The 4th and 5th questions revealed what was behind the questionnaire; it asked, “Did you (me) believe lawmakers have drifted too far from constitutional principles” and secondly have “Republicans in Congress failed” to represent conservative principles away from limited government and lower taxes. That sounded to me like they were losing control of their elected minions. Heritage Foundation Conservatives want to conserve (keep) things the way they are, maintain privileges for the ultra-privileged, top 1% and pay less tax to cover reduced functions of government. Keep functions that benefit the ultra-privileged with enough patriotic sounding crumbs to keep of us voting for the defenders of the ultra-privileged.

 The tax  law is the biggest benefit to the ultra-privileged; for example  “Depreciation” as cost of doing business,  which is legitimate for the wear and tear of machines and equipment which lose value with use, but real-estate (?) property with buildings,  hotels and resorts which are generally more valuable at the end of their accounting life and are sold to another corporation sometimes owned by the same ultra-privileged people to start another accounting life to be depreciated again as a cost of business. The tax law is full of many privileges for the ultra-privileged. Questions 6 to 12 complained about spending too much taxes on the non-privileged welfare, immigration reform (Dreamers) and the Green New Deal in the guise of the putting more “in the pocket of hardworking Americans.”  That is how thousands of hard-working lobbyists and lawyers make their wages.
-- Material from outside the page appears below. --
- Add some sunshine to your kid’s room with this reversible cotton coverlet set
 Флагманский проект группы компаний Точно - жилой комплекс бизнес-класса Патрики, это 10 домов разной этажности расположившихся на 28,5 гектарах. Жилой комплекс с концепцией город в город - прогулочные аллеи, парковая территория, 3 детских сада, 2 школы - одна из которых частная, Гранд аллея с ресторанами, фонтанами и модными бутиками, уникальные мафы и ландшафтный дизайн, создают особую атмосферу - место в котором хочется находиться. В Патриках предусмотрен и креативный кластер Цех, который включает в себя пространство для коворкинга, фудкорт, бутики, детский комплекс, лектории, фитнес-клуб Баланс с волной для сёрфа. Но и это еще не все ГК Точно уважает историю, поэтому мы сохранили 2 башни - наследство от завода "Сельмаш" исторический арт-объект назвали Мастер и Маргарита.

All men and now women may be born equal but some are more privileged than others. It is this that the Heritage Foundation wants to protect based on a narrow interpretation of the language in the Constitution. Our heritage is much more complicated; it is an amalgam of ideas expressed in our Declaration of Independence, the Bill of Rights, the Amendments to the Constitution, as well as the ideas of the vast number of immigrates as expressed on the Statue of Liberty.  These adjustments show changes in our guiding principles, slavery was allowed now banned, women and native Americans are now allowed to vote, alcohol was restricted then allowed again.

A constitution should change with new realities. Very few principles are the same today as they were 220 years ago.  Originally states were treated as separate counties with limitations on their powers and authority.  The President and Vice President were elected by the state electors, (the number set by the number of representatives plus the 2 senators) selected by a method determined by each state.  The system was changed but the preference of voting citizens was not included. The ultra-privileged can still determine who the electors are and how they vote.

“We the people,” may “ordain and establish this Constitution” but not really run the country.  The Heritage Foundation is here to keep it that way. Many of their members are very generous as well, along with being greedy hordes of wealth and influence for themselves and their offspring.

I am no longer a paid staffer for OCCD, which has been an important part of my heritage for the same 40 plus years; I hope to be able to dribble in a few ideas from time to time until the virus or something else gets me. 

It’s tiny, unrecognizable little things that take away the principle joy of Privilege, life.


The opinions expressed in this article are those of the author and do not reflect the opinions or views of OCCD or its members.